The letter from Dr Frey raised several points worthy of discussion. First was the question of differential species sensitivity to botulinum toxins and whether rabbits are an appropriate model for humans, and specifically whether our rabbits were overdosed relative to typical human usage. Second, the letter noted that we failed to mention the advantages of unloading the temporomandibular joint. Third, it pointed out that our study period of 3 months was not long enough to justify our claim of lasting joint changes. Finally, the letter stated that we claimed that BoNT/A could have direct toxicity for skeletal cells, with no evidence for this claim. We address each issue in turn.
On the question of species sensitivity, we attempted to understand the letter writer’s point by looking up references 3 and 4. Unfortunately, we were unable to locate reference 3 (University of Washington Interlibrary Loan is still looking for a copy of this edited volume), and reference 4 (another edited volume) does not mention botulinum toxin in any of its 741 pages. Nevertheless, species differences do exist, although it is not as simple as herbivores vs carnivores. Mink and foxes are among the carnivores that are highly sensitive to botulism ; pigs, which like humans are omnivores, are much more resistant than humans. There is no evidence that rabbits are more sensitive to botulinum neurotoxin than are humans; both species are subject to the effects of the toxins.
The dose we used (10 units/masseter) falls in the typical range for rabbit studies (5-20 units/masseter) as well as corresponding in dosage to those used clinically. Although the drop-off in electromyographic amplitude was indeed dramatic, the results from human electromyographic studies are similar, not “vastly different.” For example, Kim et al reported 72% to 74% reductions after 2 weeks, actually greater than the 68% reduction we observed at that time point in rabbits. Human masseter electromyographic amplitude continues to be more reduced than that of rabbits at 4 weeks. These human studies were of patients receiving cosmetic reductions of masseter bulk; the patients were not reported to be bruxers or to have abnormal muscle function, and the dosages used (25-35 units/masseter) were in the same range as is used for bruxism. Of course, one should never extrapolate directly from animal studies to the clinic, but we conclude that there is no reason to believe that our rabbits were overdosed relative to clinical usage or that our method was “improper.” Furthermore, a recent rat study and a preliminary clinical study showed that the use of BoNT/A in the masseter is associated with osteopenia of the condyle in 2 additional species. Our result is not unique.
We are not aware of any unequivocal evidence of benefits for unloading the temporomandibular joint and could find no relevant literature. Aside from the obvious point that BoNT/A muscle inactivation and orthodontic appliances are mechanically different and so cannot unload the temporomandibular joint in the “same fashion,” because of the difficulty of measurement in humans it has not been verified that such appliances actually unload the joint. On the positive side, the fact that the condylar cartilage maintained its thickness and proliferative activity suggests that this aspect of joint health was not harmed by unloading. We have no other data to bear on the subject and therefore did not discuss it further. The intent of our contribution was to show that unloading of the joint is most likely associated with loss of condylar bone, a finding that we think practitioners should know about. Clinicians considering treatment with BoNT/A injections into jaw muscles should weigh the potential advantages of unloading against its disadvantages.
We referred to the 3-month duration of effect as “long term” rather than “lasting” because we admittedly do not know whether the effect is permanent. We made no claim that the bone would never recover. As we pointed out in the article, the loss of trabecular connections in the midcondylar region would make it difficult to normalize this region. We agree that longer studies are needed.
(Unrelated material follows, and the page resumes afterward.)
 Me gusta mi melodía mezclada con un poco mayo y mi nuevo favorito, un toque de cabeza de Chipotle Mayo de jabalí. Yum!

With regard to our claim of direct toxicity to bone cells, this is a misreading of our intent. We intended to convey that although we could not eliminate this possibility, the effects observed were more easily explained as a simple consequence of unloading. We do not think that BoNT/A is toxic to the skeleton, but because some organs (eg, salivary glands) do show direct effects of the toxin, we thought we should mention the possibility. However, contrary to the letter’s implication that BoNT/A is good for skeletal cells because it is a treatment for osteoarthritis, we noted that reference 5 of the letter (Chou et al, 2010) is an uncontrolled study that found no evidence for any functional improvement and very marginal evidence for an effect on pain. The moderate analgesic effect of BoNT/A is well known and is not evidence for a therapeutic effect on the skeleton.
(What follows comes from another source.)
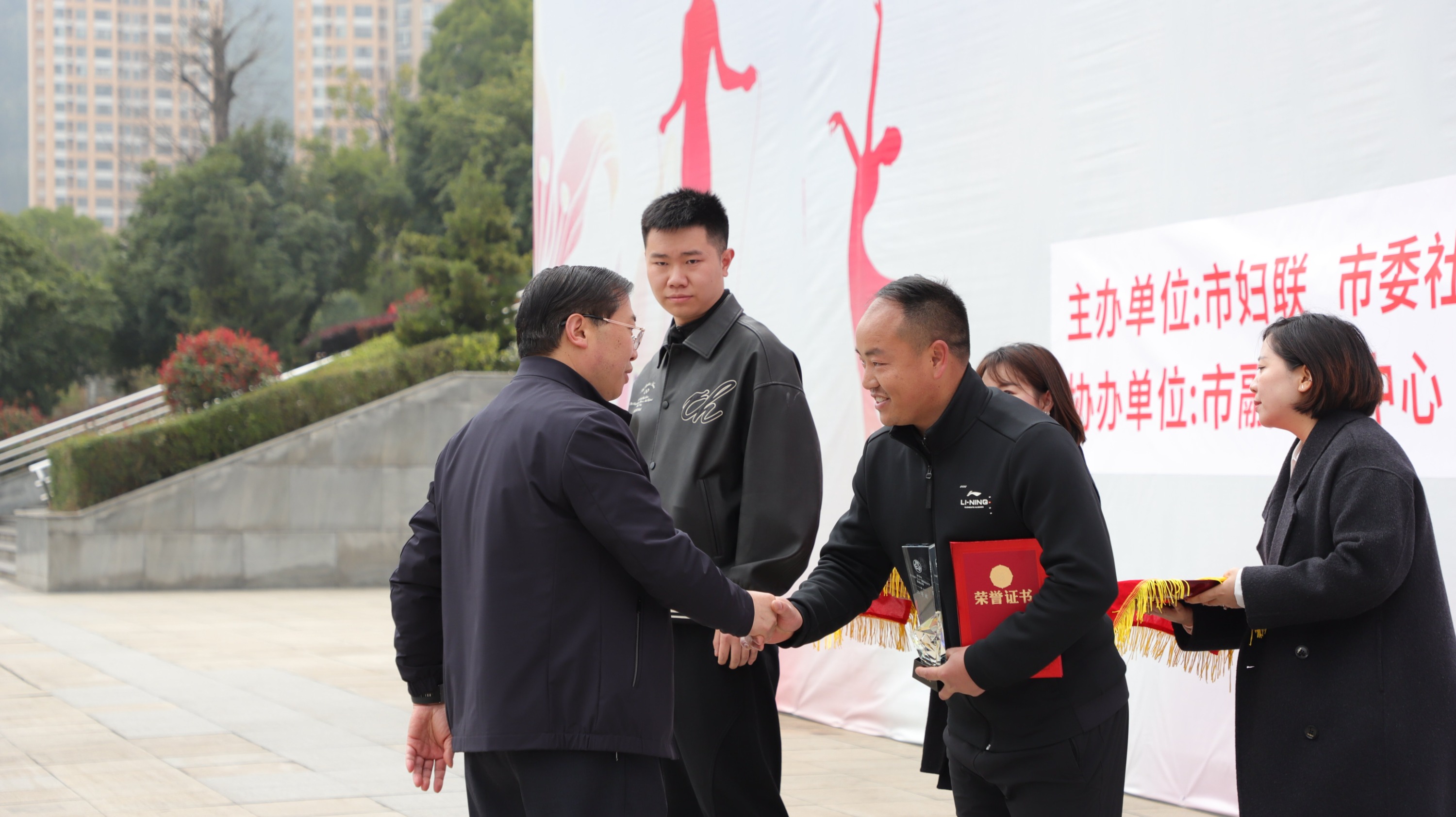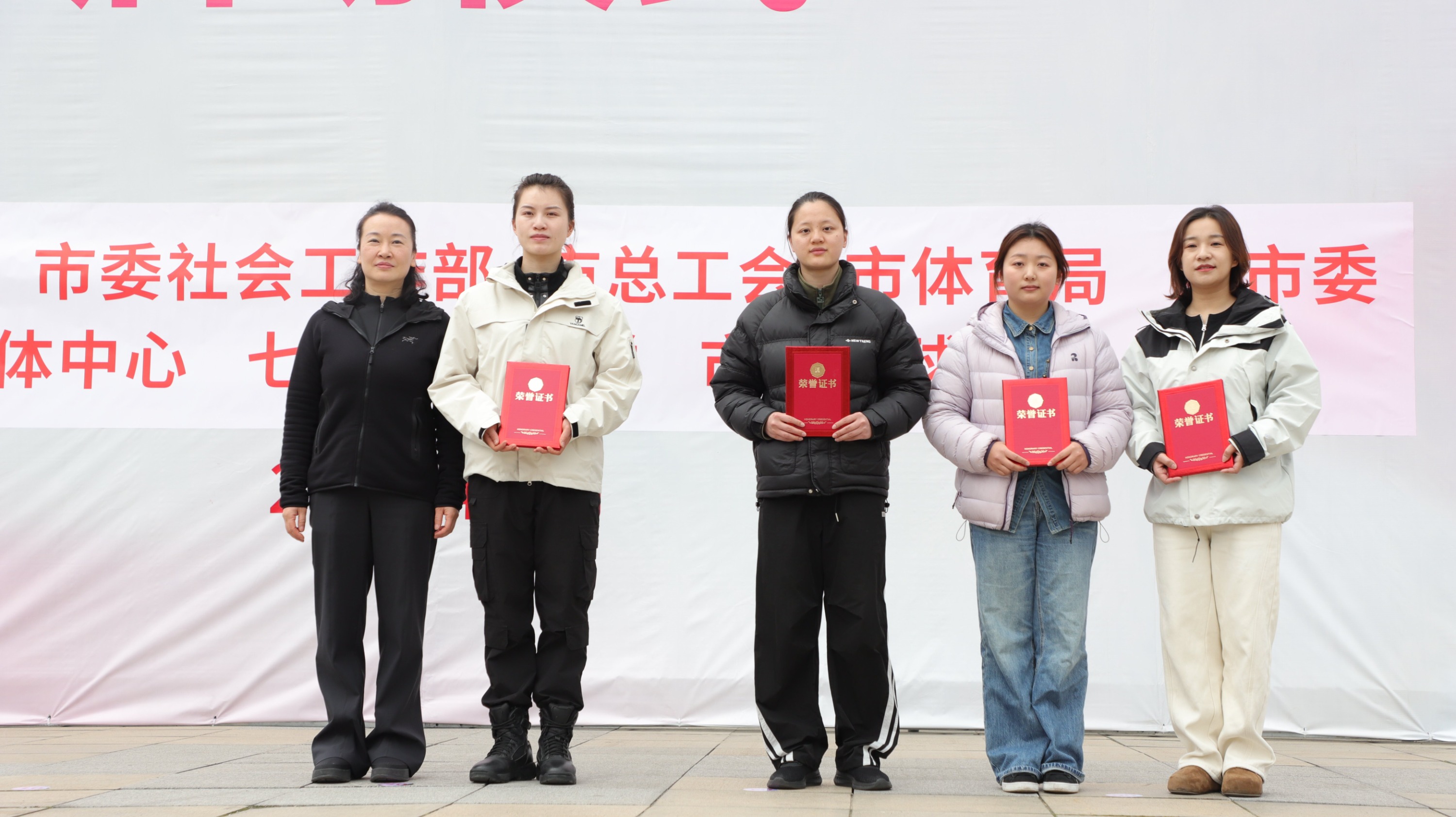 随后,出席领导嘉宾为获奖代表颁发荣誉、合影留念。颁奖仪式上,主办方鼓励全体获奖队员将赛场上的拼搏精神转化为干事创业的强大动力,在各自岗位上接续奋斗、再立新功。同时,向全市广大妇女发出倡议,希望大家立足岗位、勇担使命,以更加昂扬的姿态、更加饱满的热情、更加务实的作风,投身推动毕节高质量发展、建设贯彻新发展示范区的火热实践,用奋斗诠释初心,用实干书写华章,为推进中国式现代化毕节实践新篇章贡献巾帼智慧和力量。

In conclusion, we agree with Dr Frey that proper training, case selection, and dosing are vital for clinicians using BoNT/A. There are certainly conditions for which BoNT/A is a treatment of choice, such as dystonias. However, rather than adding to the “myths and misunderstandings surrounding BoNT/A treatments,” we believe that our contribution informs clinicians of a possible side effect that will allow them to improve patient selection.